The cold sore virus is typically transferred through direct or indirect physical contact. Examples of direct contact include viral transmission during kissing or other intimate behaviors. Indirect contact can occur when live virus is transferred between children putting commonly shared objects into their mouths, use of someone elses face cloth, drinking from a common cup or glass and sharing of cosmetics, such a lipstick. Often, transmission is between family members due to normal contact. A kiss from a friend or relative when he or she has a lesion can introduce the virus to a person who may not have been previously exposed.
The virus can remain active as long as it remains wet. One typically does not get infection from casual contact or contact with hard surfaces. It is now well known that transmission is possible, without the presence of an active lesion. Some people shed the virus in saliva without any other symptoms about 5% of the time.
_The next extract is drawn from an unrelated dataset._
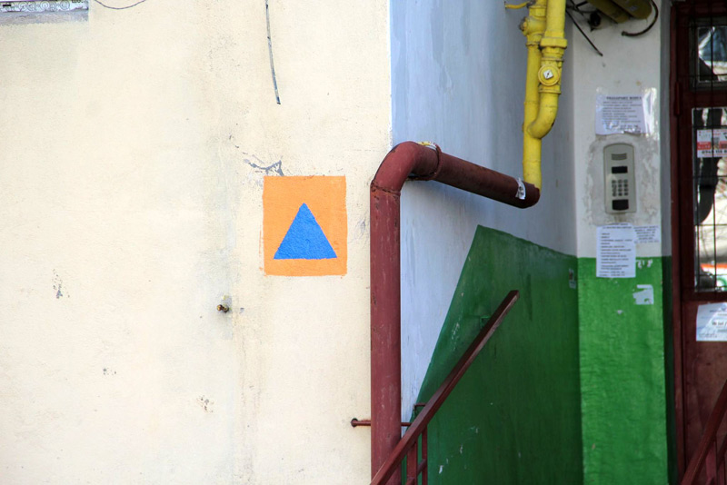 Semnul distinctiv național al protecției civile este identic celui prevăzut de Protocolul adițional nr. I din 10 iunie 1977 la convențiile de la Geneva din 12 august 1949 privind protecția victimelor conflictelor armate internaționale și constă într-un triunghi echilateral albastru pe fond portocaliu.

There are two distinct periods in life when people are likely to be exposed to HSV-1. The first is early childhood (age 3 - 7) and a second period occurs in adolescence (age 12 - 21). Transmission is via close or intimate physical contact.
Q: What are the signs and symptoms of a cold sore?
When a clinical infection occurs for the first time in an individual, it is called a primary infection. Primary HSV-1 infection is often sub-clinical (no recognizable symptoms) and thus goes unnoticed, or it may be severe and may cause gingivostomatitis that ranges from mild to severe, the latter of which may be accompanied by enlarged and tender lymph nodes (lymphadenopathy) in the neck and under the jaw, swelling of the throat, fever and malaise. There may be satellite sores on other parts of the body. People who get cold sores after their primary exposure are said to have recurrent cold sores. Primary infection can have lesions and symptoms that persist for 3 - 6 weeks.
Prior to a clinical outbreak of a recurrent cold sore episode, many people experience a prodromal phase, which includes an itchy, tingling sensation on the soon-to-be-affected skin. Often there is a warm or burning sensation with tenderness to touch soon thereafter. As the disease progresses, the area becomes red and raised. Tiny fluid filled bumps called vesicles form and join together. As the disease progresses, these blisters rupture leaving tender, fragile ulcers that release clear fluid-filled liquid containing the herpes viruses. Sometimes they bleed. The release of clear fluid is called weeping. When weeping is taking place, the infection is very contagious. As the ulcer heals, a scab forms and eventually falls off when healing is complete.
Some people experience secondary events when a new viral load travels out of the infected nerves and infects adjacent skin areas. When people begin to feel better and then appear to get worse, or get a new cold sore on top of or near the older one, this is usually due to secondary events. Experiencing a secondary event, especially after a lesion has been present for a couple of days, can extend the time the cold sore is active and painful.